В шахту никогда не спускался, штейгера да десятники по забоям рыскали, порядки наводили, подгоняли работяг-шахтеров: давай быстрей!..
Жадный был, про людей не думал. Сколько раз к нему миром кланялись земно: построй-де, управляющий, баню! — он все деньги жалел. Мылись в шайках по домам или в баньках в ограде.
Году в шестнадцатом, когда уже империалистическая вовсю полыхала, все-таки выстроил Красинский баню. Ладная получилась баня, не горькая, только тесная. И на всех одна — на мужиков и на баб. Мыться в той бане разрешалось только в субботу всем — и мужикам и бабам, и детишкам — совместно.

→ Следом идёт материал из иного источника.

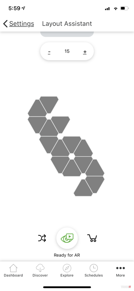 Testovaná zostava sa skladá z 15 trojuholníkových RGB LED panelov (240 x 210 mm), riadiacej jednotky a Rhythm modulu. Inštalácia panelov je za pomoci silných 3M pások. Nainštalovať ich môžete takmer kdekoľvek, bez obmedzení, len treba myslieť na to, že panely sa lepia a niektoré povrchy nemajú dobrú priľnavosť. Jednotlivé trojuholníky sa prepájajú dodávanými konektormi (technické spoje nevidieť) a môžete ich zložiť do ľubovoľného tvaru alebo podľa dostupných predlôh.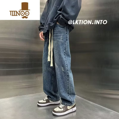 YANXU抽绳牛仔裤男士宽松直筒阔腿高街复古潮牌美式夏季新款百搭长裤子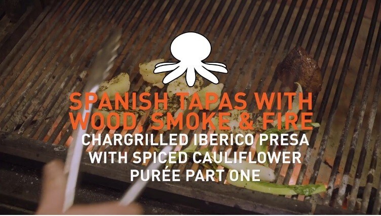 Watch how to perfectly cook Iberico pork presa on the robata grill, before plating up with spiced cauliflower puree and chargrilled cauliflower florets.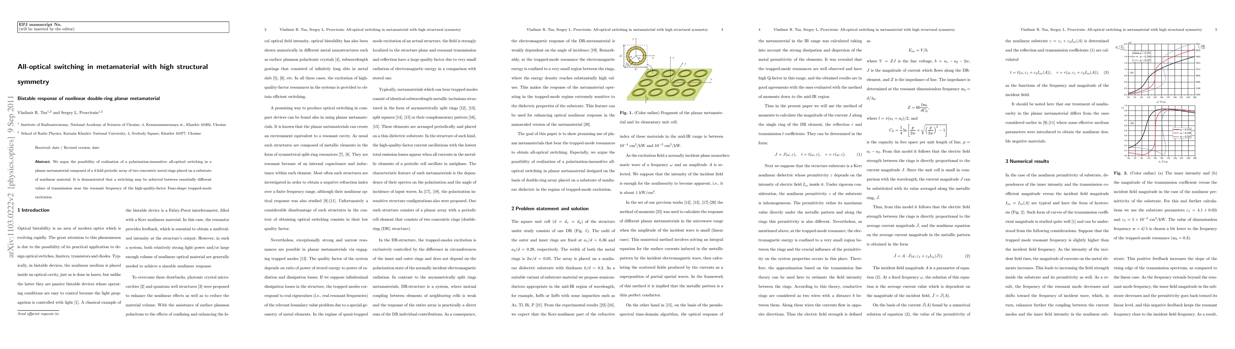 We argue the possibility of realization of a polarization insensitive all-optical switching in a planar metamaterial composed of a 4-fold periodic array of two concentric metal rings placed on a substrate of nonlinear material. It is demonstrated that a switching may be achieved between essentially different values of transmission near the resonant frequency of the high-quality-factor Fano-shape trapped-mode excitation.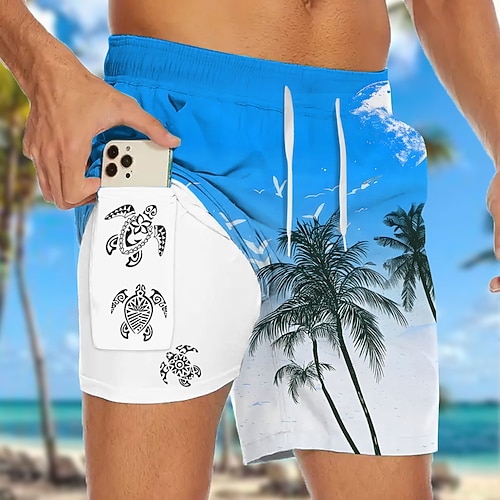 Per uomo Albero di Cocco Piante Tropicali Tartaruga di mare Pantaloncini foderati Pantaloncini da bagno 2 in 1 Pantaloncini da mare Misura del girovita medio Hawaiano Ferie Tasche Laterali Con Fodera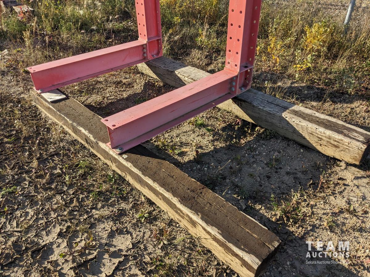 54 inch wide, (6) 48 inch shelf brackets, frame 6 inch X 8 inch H iron, mounted on railway ties

Охоту любил. Запрягут ему, бывало, стоялого жеребца, на облучок сядет рядом с кучером верзила-телохранитель, сам Красинский барином в пролетке развалится — едут, встречные на колени перед ним. Тогда дичи окрест много всякой водилось — и тетеревов, и рябков, и глухарей. Настреляет Красинский целый воз дичи, везет во дворец. А там уже и пир собирают — друзей поить да потчевать, чтобы они славили управляющего.
По приказу Красинского шахту в двадцатом затопили. Сам он от красных за границу было рванул, да не удалось...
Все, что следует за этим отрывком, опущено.